+++ Data section +++
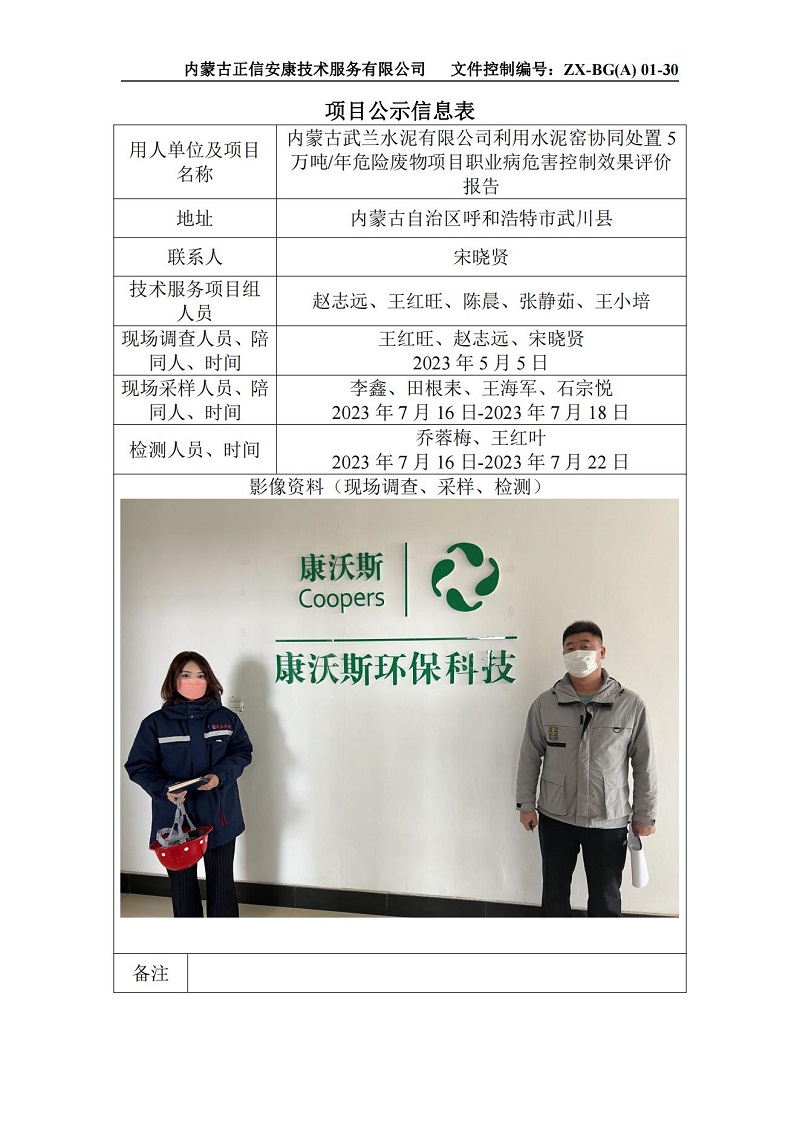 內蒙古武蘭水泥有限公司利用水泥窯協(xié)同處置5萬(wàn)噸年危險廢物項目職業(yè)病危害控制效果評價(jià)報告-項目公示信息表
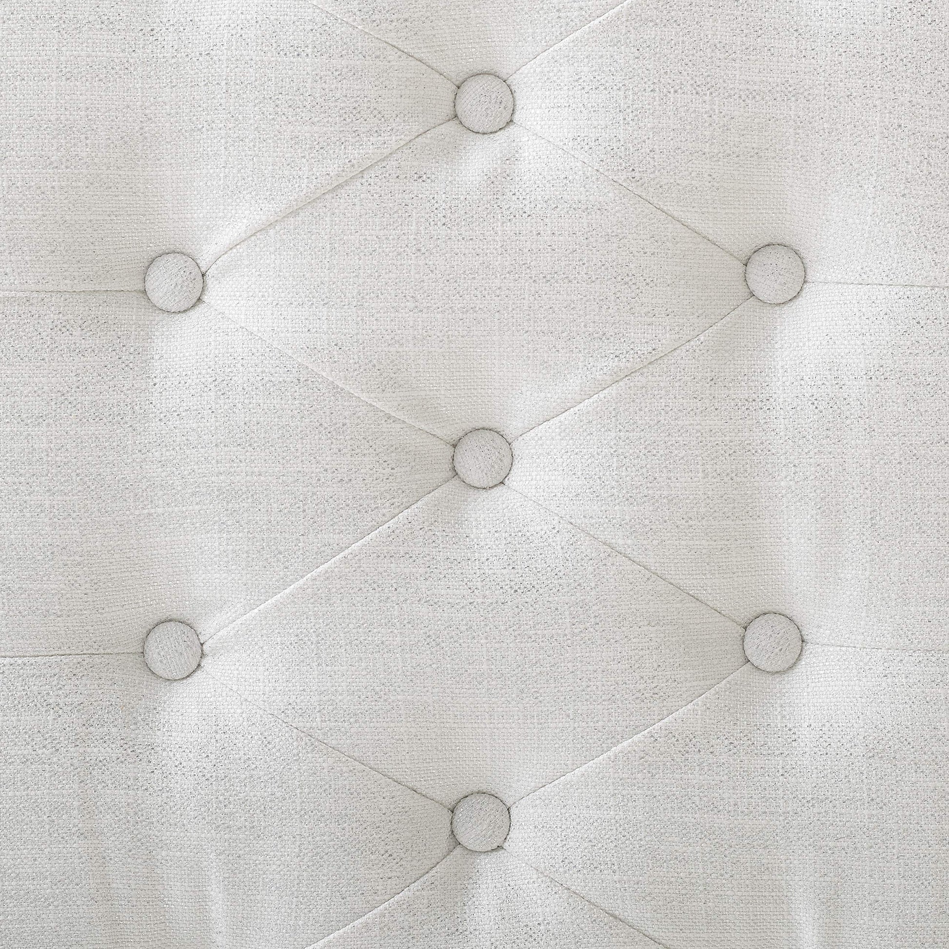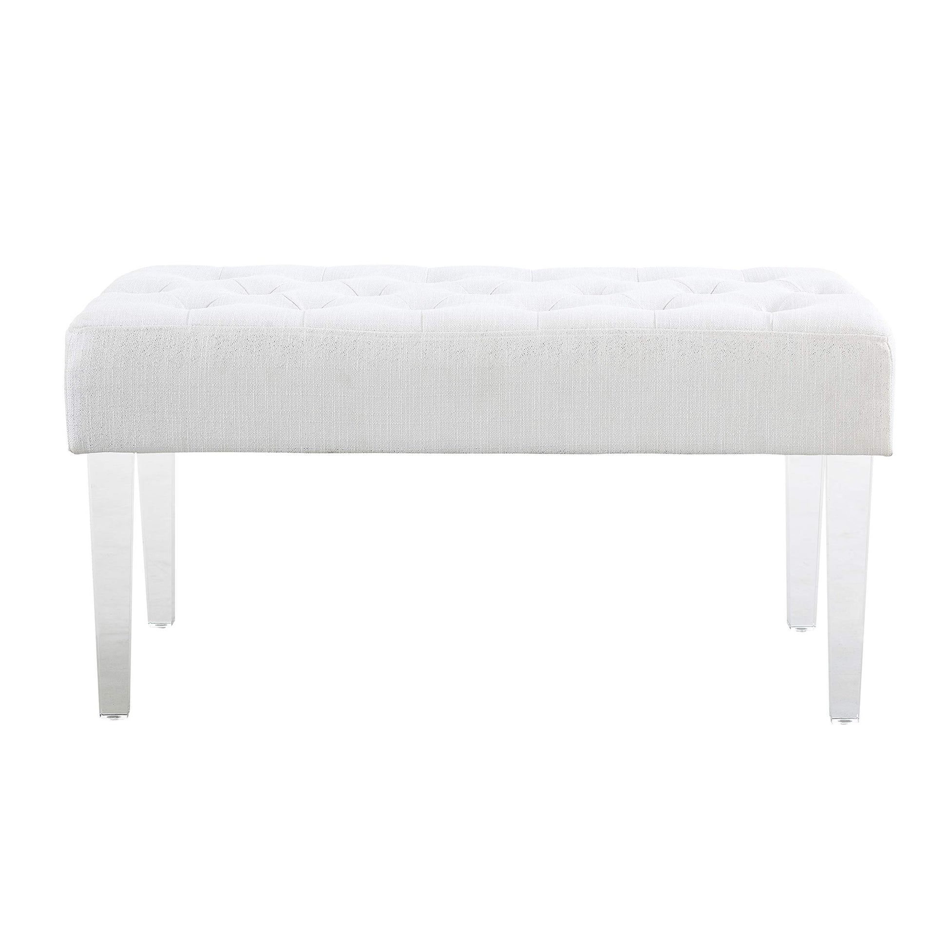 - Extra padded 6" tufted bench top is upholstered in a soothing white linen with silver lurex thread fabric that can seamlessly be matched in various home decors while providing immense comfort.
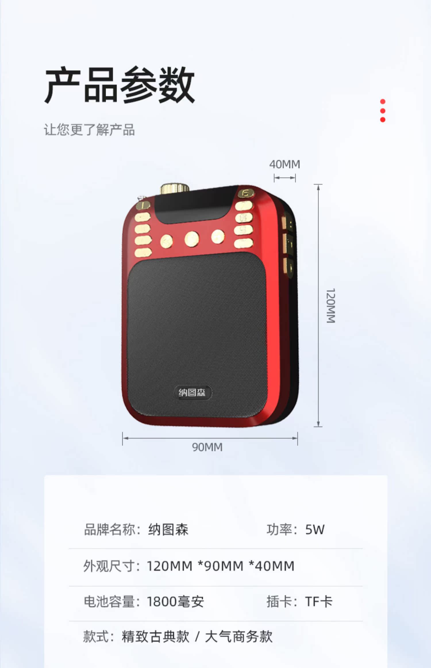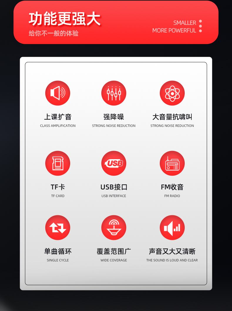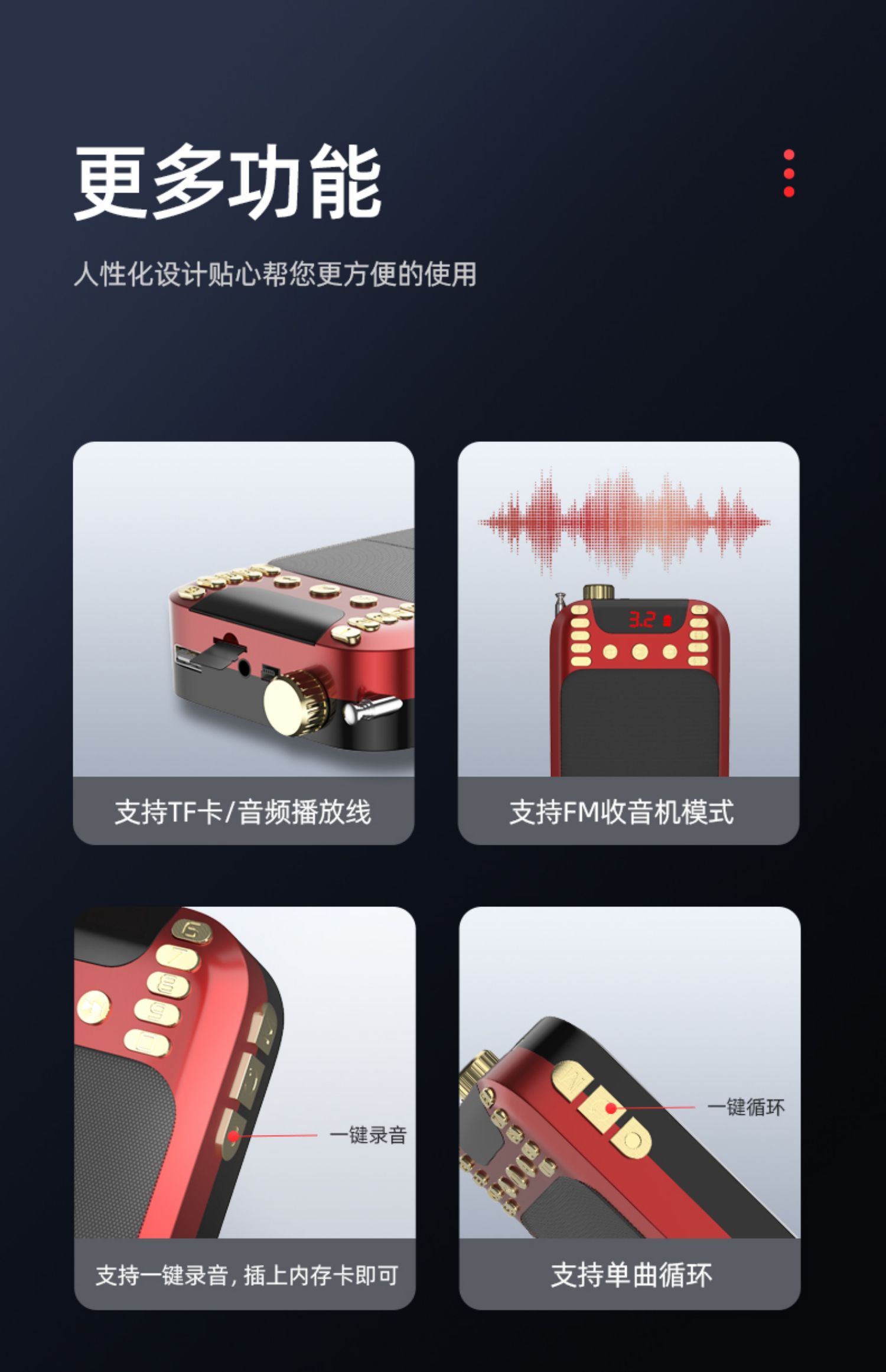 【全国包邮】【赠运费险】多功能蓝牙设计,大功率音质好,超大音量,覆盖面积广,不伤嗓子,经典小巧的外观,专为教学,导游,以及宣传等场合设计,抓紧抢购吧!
+++
• [How to complete this task]: Please output all the data exactly as given, with the pictures omitted.

• [Output below]:
 內蒙古武蘭水泥有限公司利用水泥窯協(xié)同處置5萬(wàn)噸年危險廢物項目職業(yè)病危害控制效果評價(jià)報告-項目公示信息表
 - Extra padded 6" tufted bench top is upholstered in a soothing white linen with silver lurex thread fabric that can seamlessly be matched in various home decors while providing immense comfort.
 【全国包邮】【赠运费险】多功能蓝牙设计,大功率音质好,超大音量,覆盖面积广,不伤嗓子,经典小巧的外观,专为教学,导游,以及宣传等场合设计,抓紧抢购吧!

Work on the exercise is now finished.